Doing Intermittent Fasting Correctly
4 Jun 2023

Intermittent fasting is very popular right now and a great tool for better health. It can have a lot of health benefits with weight loss, mental clarity, blood sugar levels, and better digestion when done properly. It is logical because in the hunter-gatherer lifestyle, we didn't have immediate access to food upon waking up. Even if you want to gain muscle you can still reap the benefits of intermittent fasting. There is a difference between closing your eating window and eating less food. Most people are unsuccessful because they approach it the wrong way. Here are some guidelines to adhere to for successful intermittent fasting.
There are a couple different methods to this. It seems that anywhere from 12-16 hours of a fast will be effective. One thing to keep in mind is that fasting is typically harder for women than it is for men. The reasons for this being that women have higher nutritional needs, a slower metabolism, and hormonal factors which can result in more hunger/cravings making fasting more of a challenge.

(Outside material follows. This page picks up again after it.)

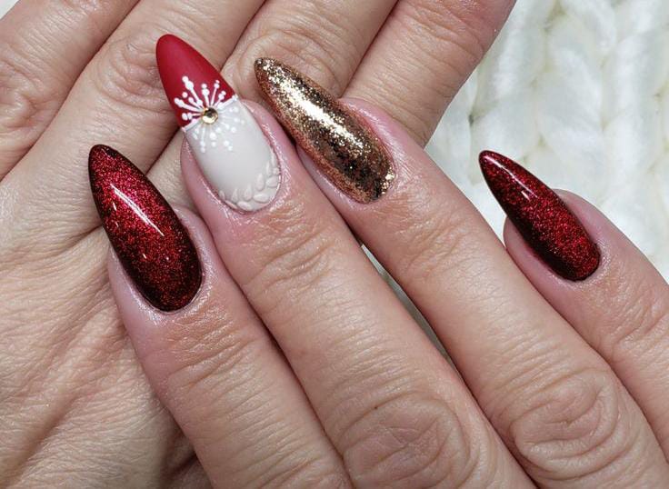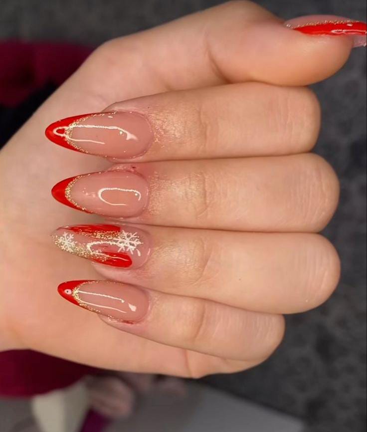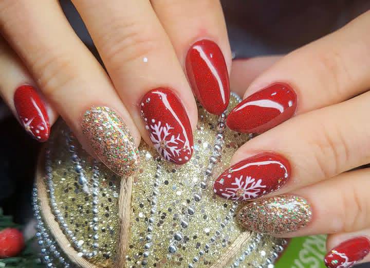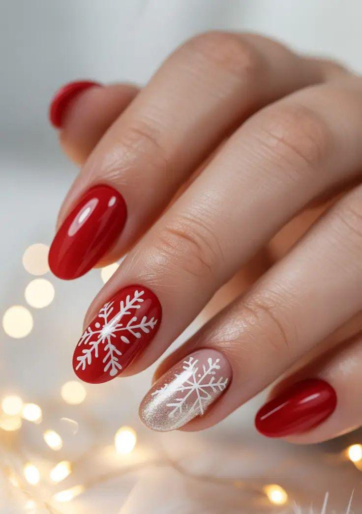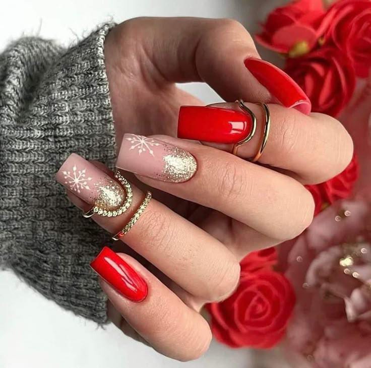 This manicure blends glossy red nails with nude-and-gold glitter accents and subtle white snowflakes for a luxurious holiday feel. The mix of shimmer and classic red gives it a warm, glowing winter charm.

If you get 7-8 hours of sleep a 12 hour fast should generally be easy like finishing dinner at 7 p.m. and not eating again until 7 a.m. The only thing getting in the way of that is snacking in between.
The key to doing intermittent fasting properly is to focus more on proteins, healthy fats, and fiber rather than refined carbohydrates. Including healthy fats and proteins in your meals during the eating window of intermittent fasting can help increase satiety and control hunger. Fats and proteins are more filling and digest more slowly compared to carbohydrates, which can help keep you satisfied for longer periods. This leads to a more gradual and controlled release of energy, preventing spikes and crashes in blood sugar levels. Stable blood sugar levels contribute to better energy management and improved overall well-being during the fasting period. If you consume foods like pasta, breads, and bagels and overall unhealthy foods as the majority of your consumption, this will not keep you satiated and you will experience hunger a lot more frequently making intermittent fasting extremely difficult. An example of a satiating meal during this time is salmon, avocado, and quinoa. Or something like steak, broccoli, bell peppers, and cashews.